La voce dell'agronomo

L’AGRICOLTURA CAMBIA VOLTO, ED E’ SEMPRE PIU’ "NO FOOD"

Agriturismo, fattorie didattiche, colture per biocombustibili. Ora anche produzioni biotecnologiche a scopo medico-farmaceutico. Un nuovo percorso per il settore primario, da fornitore di alimenti a qualcosa di non ancora chiaramente definito e delineato

28 gennaio 2006 | Alberto Grimelli

Fin da quando l’uomo imparò a coltivare la terra, ricavandone nutrimento, l’agricoltura ha adempiuto al fondamentale scopo di fornire i mezzi di sostentamento alla comunità, alla stessa specie di Homo sapiens. Che si trattasse di beni di lusso, accessibili a pochi, o della farina per il pane, il settore primario ha offerto di che vivere per migliaia di anni.
Nel secolo scorso, l’aumento demografico che è seguito alla seconda guerra mondiale ha accresciuto il peso e il valore del comparto che doveva sfamare una popolazione in crescita. Tutta l’attenzione e la ricerca era focalizzata ad accrescere il potenziale produttivo, insomma a produrre di più.
Da vent’anni le parole d’ordine sono cambiate: qualità e non quantità.
Nonostante le misure introdotte, volte a contenere la produzione, le tecniche e le tecnologie a disposizione hanno creato una situazione di perenne surplus, di sovrappiù alimentare nei Paesi occidentali. Si cercò di porvi rimedio in Europa con la Pac, in altri luoghi e Nazioni con norme similari. Non funzionò.
Ora che le misure a sostegno del reddito sono state ridotte, a tal punto da non assolvere più pienamente il motivo per cui sono nate, si cerca di delineare altre strade per l’agricoltura.
L’agriturismo è stato un primo tentativo, di successo, per fornire all’agricoltore, promosso d’ufficio imprenditore agricolo, un reddito integrativo non vincolato ad aiuti pubblici. Sulla scia sono nate le fattorie didattiche e tutte quelle iniziative volte ad assicurare un flusso di turisti e di denaro dalla città alla campagna.
Resta tuttavia insoluto il problema del surplus produttivo. Coltivare e produrre commodities, ovvero generi di prima necessità, non conviene più, i prezzi all’ingrosso sono troppo bassi. Non è neanche possibile che le produzioni che garantiscono un premio di prezzo (Dop, Igp, biologico…) possano allargare a dismisura il loro bacino di utenza e il loro mercato. Devono infatti, per tenere elevate le quotazioni, rimanere prodotti di nicchia.
Quale futuro allora per l’agricoltura? E’ necessario inventarsi altre strade, diverse vie.

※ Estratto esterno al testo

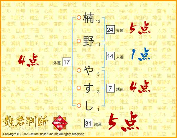 楠野やすしさんの総運は31画の5点!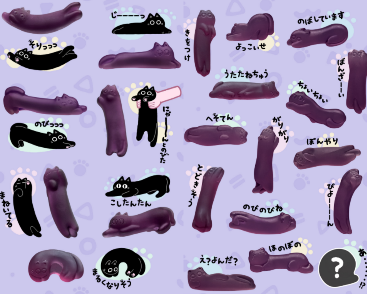 貓咪拉長軟糖總共推出21款+1款隱藏版,每包有13個款式,每一顆紫色葡萄口味的貓貓軟糖呈現出各種慵懶姿勢超療癒,找找看有沒有同款你家貓貓XD 大家還可以挑戰能不能把軟糖貓貓拉得更長~愛貓人士一定要買全蒐集♡

Da pochissimi anni sono in corso sperimentazioni, e qualche progetto concreto, per l’utilizzo di biomasse e dei prodotti agricoli a fini energetici. Con le quotazioni del petrolio così elevate, la prospettiva di un loro diffuso utilizzo diventa sempre più allettante. Lo sviluppo di queste fonti presenterebbe poi l’indubbio vantaggio di trovare il favore della società, sempre più sensibile a tematiche ambientali. Un’agricoltura al servizio delle energie rinnovabili è quindi un percorso possibile.

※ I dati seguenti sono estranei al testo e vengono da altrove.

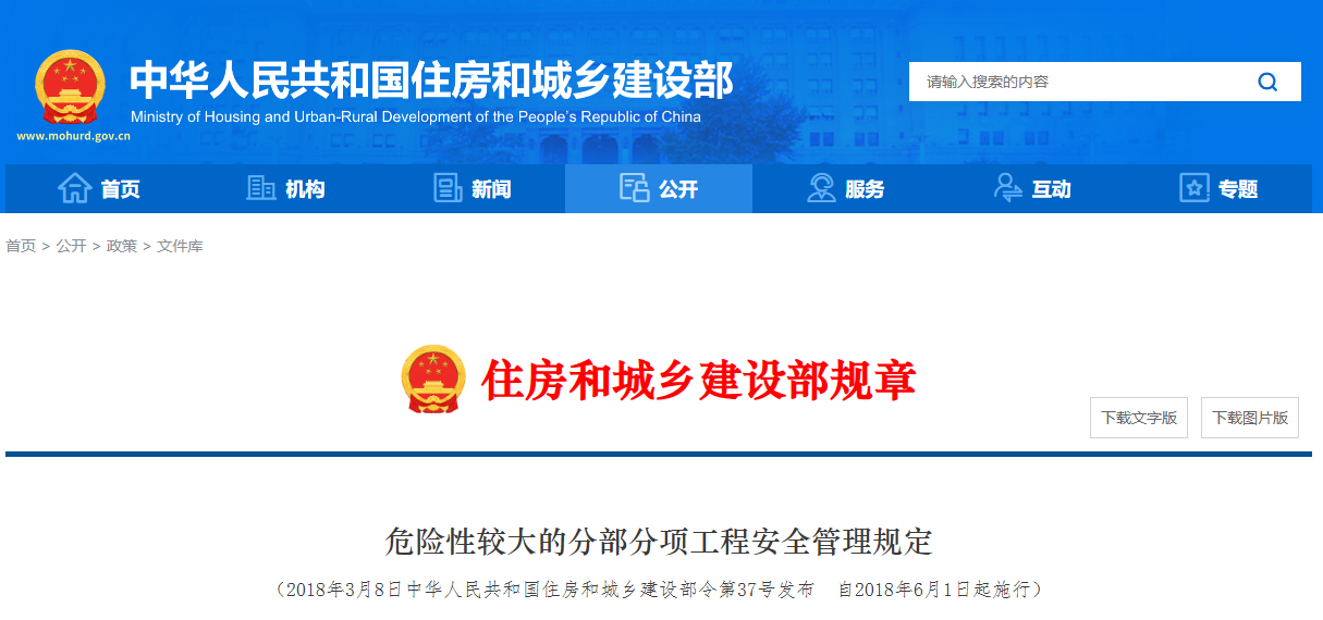 第四条 国务院住房城乡建设主管部门负责全国危大工程安全管理的指导监督。

Un altro, ancora più recente, si sta delineando all’orizzonte. La possibilità, attraverso le biotecnologie, di produrre medicinali nei campi. Intere colture da cui estrarre principi attivi ad uso medico-farmaceutico. Non si tratta di un’opzione futuribile, di proposizioni espresse in qualche convegno o delle elucubrazioni di uno scienziato pazzo. E’ realtà.

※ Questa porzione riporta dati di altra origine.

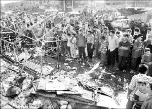 En una jornada de creciente violencia, tres soldados estadunidenses perdieron la vida tras dos ataques en la ciudades de Samarra y Mosul, con lo que suman ya 108 los militares caídos por fuego hostil desde el pasado primero de mayo. En la imagen, un grupo de bagdadíes miran los escombros que dejaron las explosiones de granadas de morteros que fueron lanzadas por desconocidos sobre el barrio de Al Durra y que ocasionaron la muerte de dos iraquíes y dejaron heridos a otros siete FOTO AFP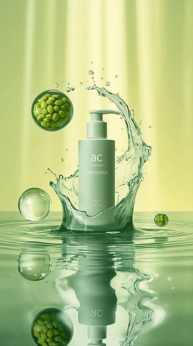 Create a high-end cinematic [skincare] advertisement based on the provided image. The scene opens with a [calm reflective] water surface, soft ripples moving slowly. The [mint-green] “[ac GREENGRAM]” bottle stands perfectly centered, upright and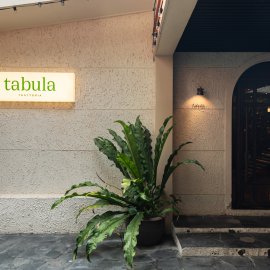 หรือจะนั่งในโซน In Door ที่โดดเด่นด้วย Open Kitchen ครัวเแบบเปิด ที่เปิดโอกาสให้แขกทุกคนได้ชมขั้นตอนการปรุงอาหารและการทำงานของทีมเชฟได้อย่างใกล้ชิด ส่วนใครที่เป็นสายดื่มอยากดื่มด่ำกับลิสต์ไวน์นานาชนิดที่แนะนำโดยซอมเมลิเยร์มือฉมังสามารถเอนจอยได้ในโซน Tappo Wine Bar โดยชื่อ Tabula มาจากคำว่า Tabula Rasa ที่หมายถึง หินอ่อนขัดใหม่ ในภาษาละติน ที่สอดคล้องกับคอนเซ็ปต์ของร้านที่ต้องการสร้างสรรค์เมนูใหม่ ๆ ปรุงอย่างปราณีต เหมือนกับหินอ่อนขัดใหม่ที่เปี่ยมไปด้วยความสวยงาม ความสดใหม่และมีคุณภาพ

L’agricoltura non è più soltanto fornitore di generi alimentari. E’ qualcosa di più, è qualcosa di diverso. Se il settore primario non potrà mai abdicare al suo ruolo di produttore di alimenti, si aprono nuovi scenari. Il settore primario, continuerà a chiamarsi così?, resterà comunque intimamente legato all’umanità, offrendole, in un modo e nell’altro, i necessari mezzi di sostentamento.